## ACTIVITY
Please repeat the whole listing exactly, but leave the pictures out.

## DATA SHOWN

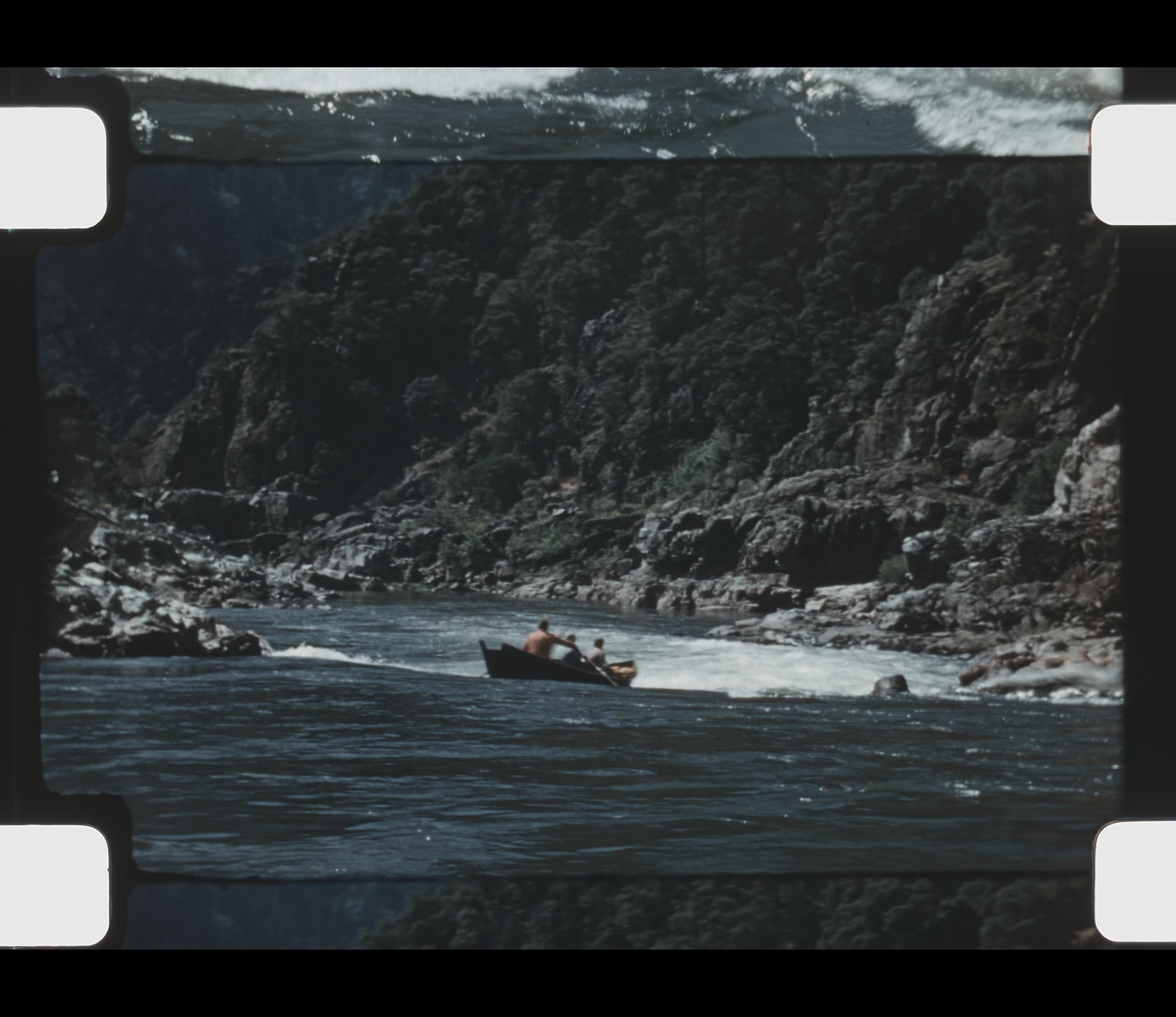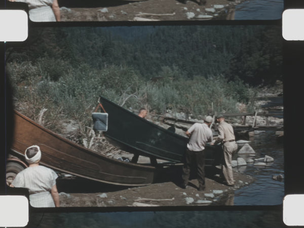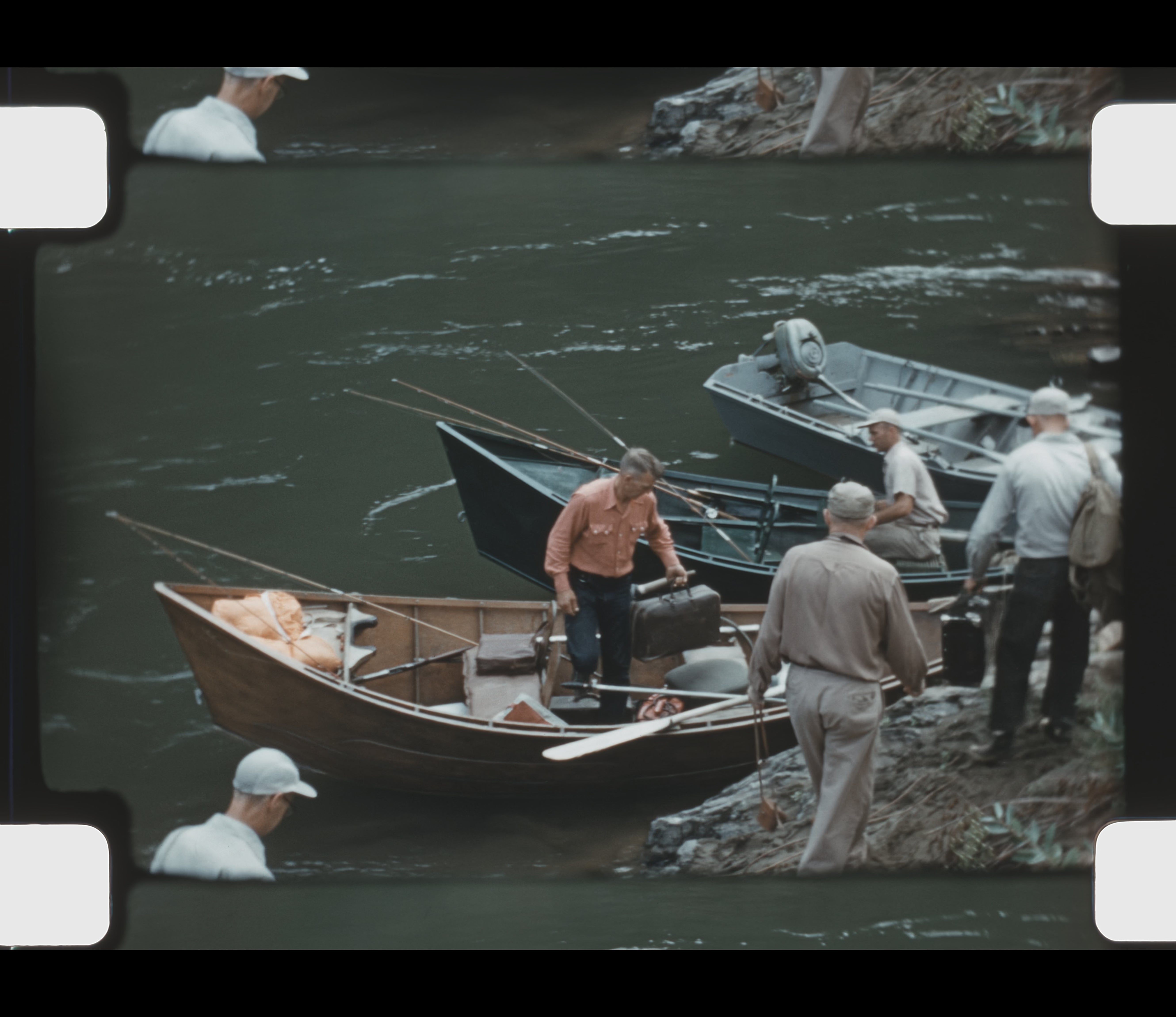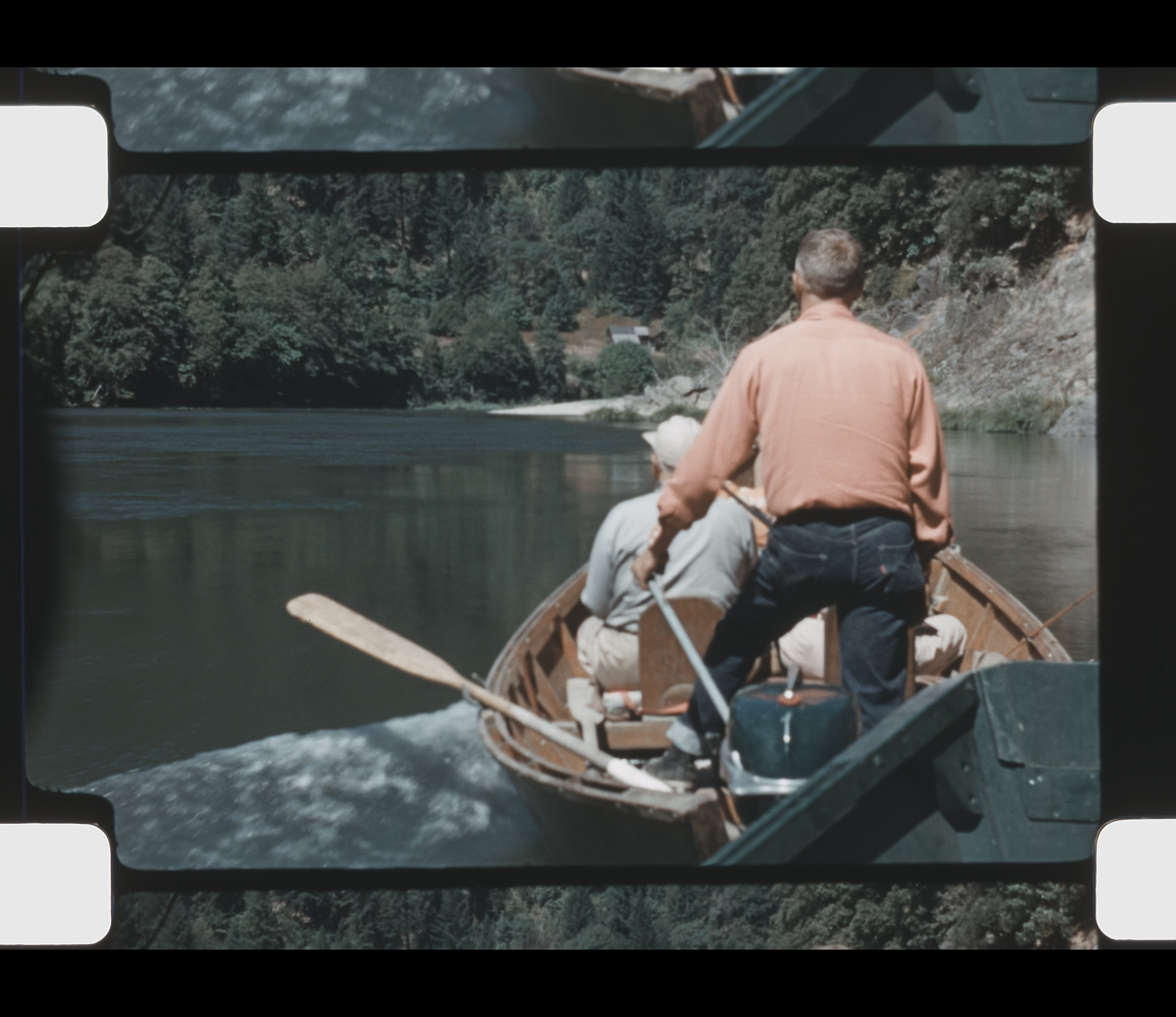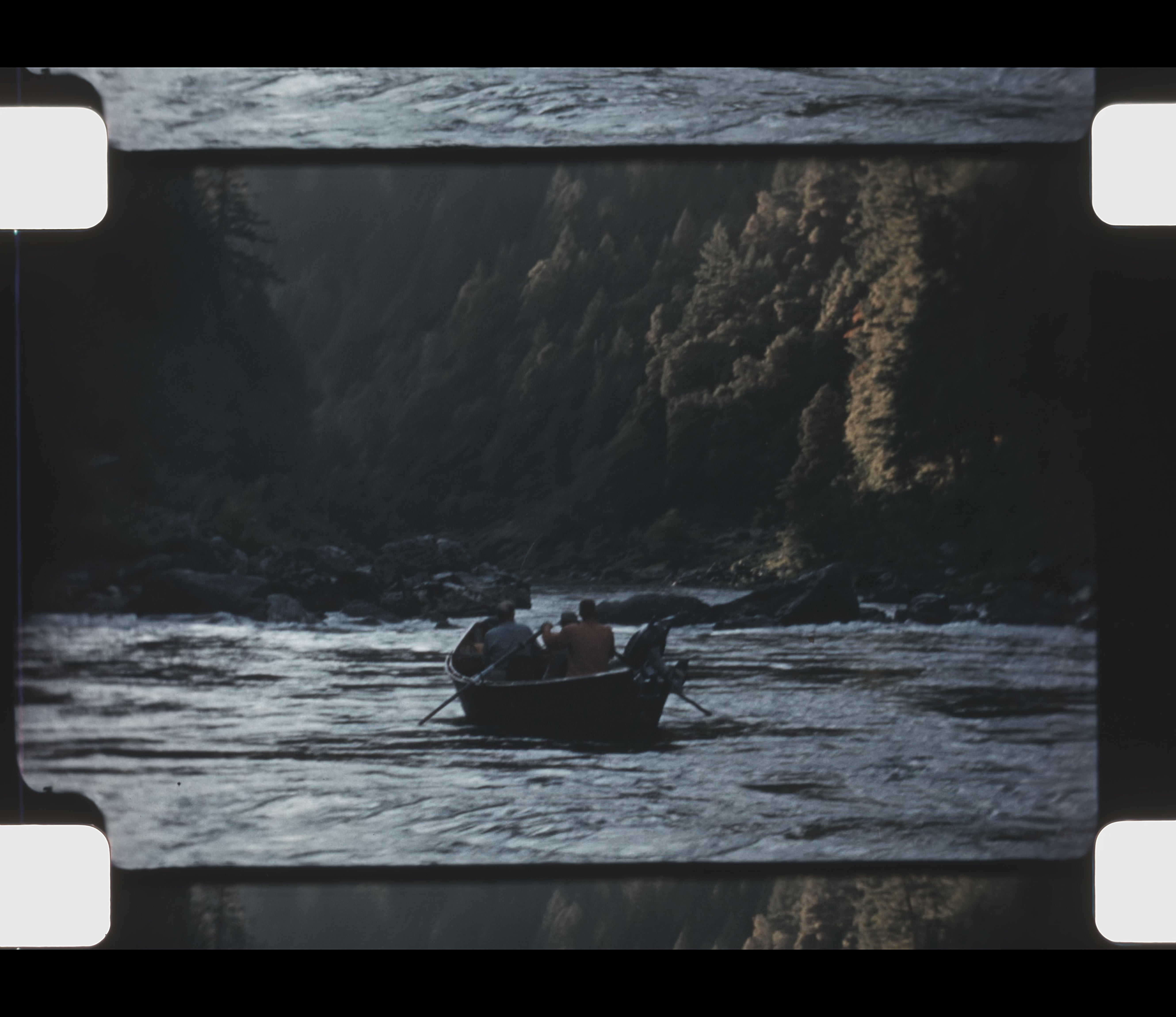 Oregon, Rogue River, Pacific Northwest, 16mm film, Black and white footage, Color home movies, Fishing trip, River fishing, Motorized boats, Boat launch, River rapids, Whitewater, Boating, Outdoor recreation, Men fishing, Catching fish, Cabin in forest, Log cabin, Abandoned homestead, Exploration, Wilderness travel, Midcentury America, Vintage outdoor life, Postwar leisure, Analog film, Nostalgic footage, Home movies
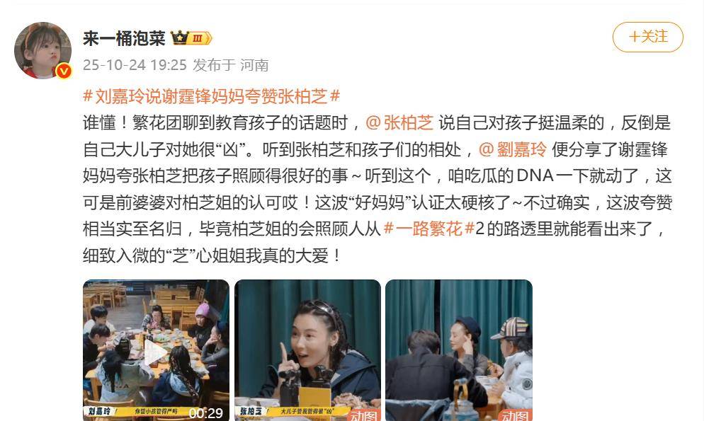 在最新一集的《一路繁花2》中,张柏芝分享了她关于育儿的经验,意外引发了来自“前婆婆”狄波拉的隔空表扬。当张柏芝提到自己在照顾孩子时总是温柔体贴,然而大儿子Lucas却总是“管得很严格”时,刘嘉玲在一旁透露了一句意外的话:“谢霆锋的妈妈曾对我说过,你把两个孩子照顾得非常好。”这番话看似轻描淡写,却在网上引起了轩然大波——这可不只是普通的夸奖,它无疑打破了多年婆媳关系紧张的传闻,也成了外界对张柏芝育儿态度的“世纪认证”!
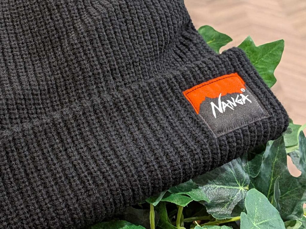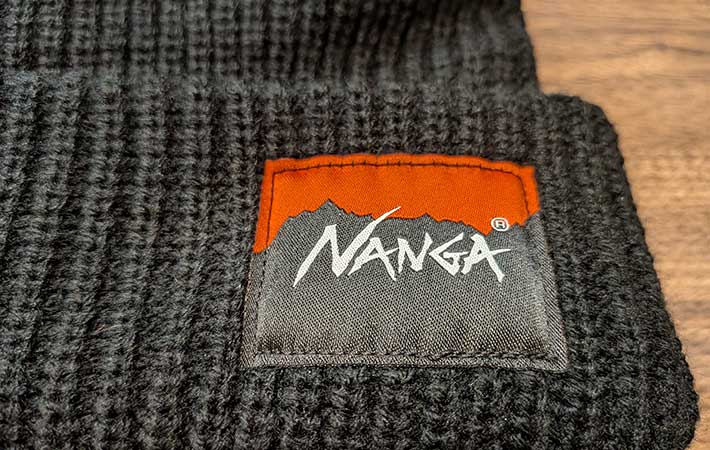 形はツバのないビーニータイプで、とてもシンプル。折り返しのフロントサイドにナンガのロゴマークがついています。
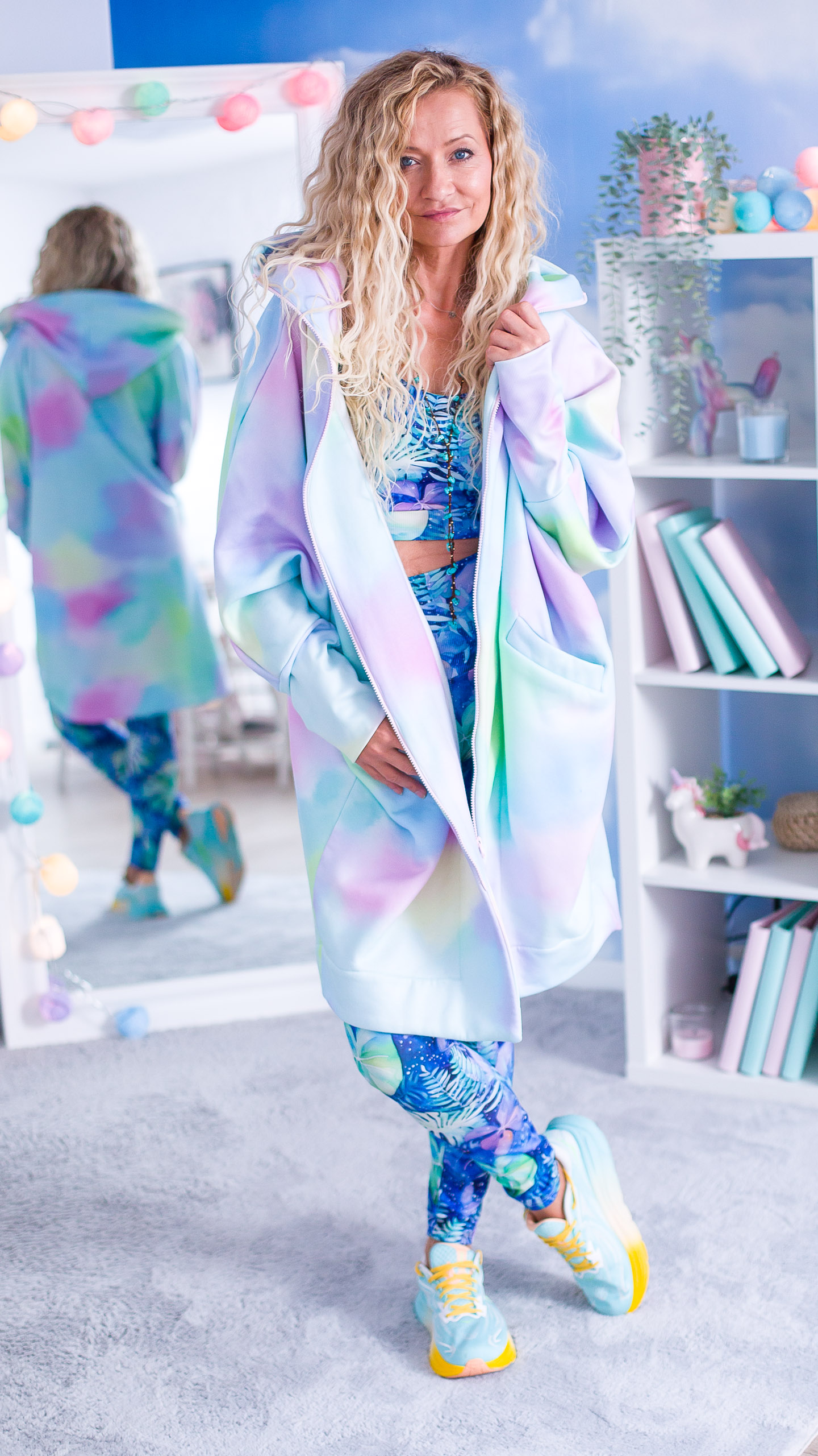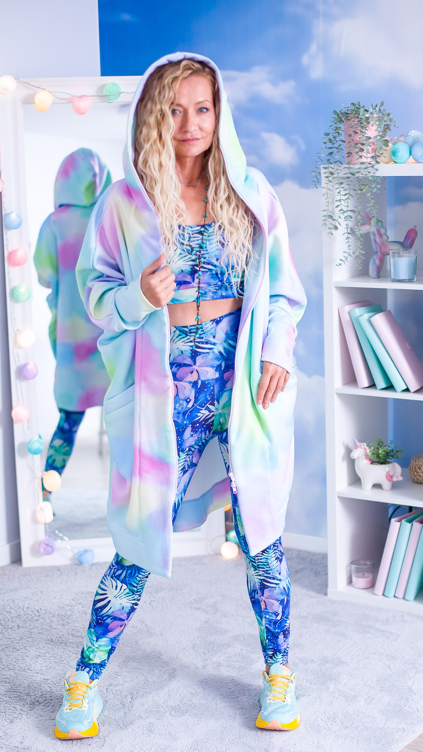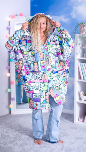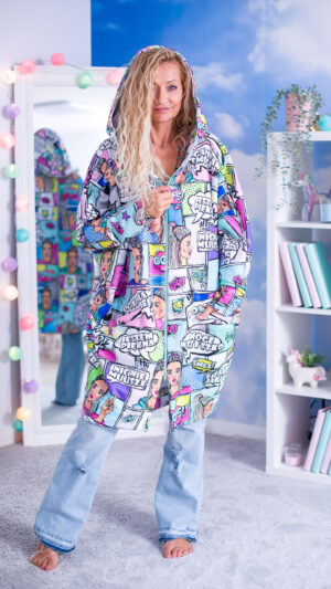 To oversize’owa bluza z podwójnym zamkiem, szerokimi rękawami i ogromnym kapturem, w którą wskakujesz i od razu czujesz się jak w swojej najlepszej wersji.

## ANSWER
 Oregon, Rogue River, Pacific Northwest, 16mm film, Black and white footage, Color home movies, Fishing trip, River fishing, Motorized boats, Boat launch, River rapids, Whitewater, Boating, Outdoor recreation, Men fishing, Catching fish, Cabin in forest, Log cabin, Abandoned homestead, Exploration, Wilderness travel, Midcentury America, Vintage outdoor life, Postwar leisure, Analog film, Nostalgic footage, Home movies
 在最新一集的《一路繁花2》中,张柏芝分享了她关于育儿的经验,意外引发了来自“前婆婆”狄波拉的隔空表扬。当张柏芝提到自己在照顾孩子时总是温柔体贴,然而大儿子Lucas却总是“管得很严格”时,刘嘉玲在一旁透露了一句意外的话:“谢霆锋的妈妈曾对我说过,你把两个孩子照顾得非常好。”这番话看似轻描淡写,却在网上引起了轩然大波——这可不只是普通的夸奖,它无疑打破了多年婆媳关系紧张的传闻,也成了外界对张柏芝育儿态度的“世纪认证”!
 形はツバのないビーニータイプで、とてもシンプル。折り返しのフロントサイドにナンガのロゴマークがついています。
 To oversize’owa bluza z podwójnym zamkiem, szerokimi rękawami i ogromnym kapturem, w którą wskakujesz i od razu czujesz się jak w swojej najlepszej wersji.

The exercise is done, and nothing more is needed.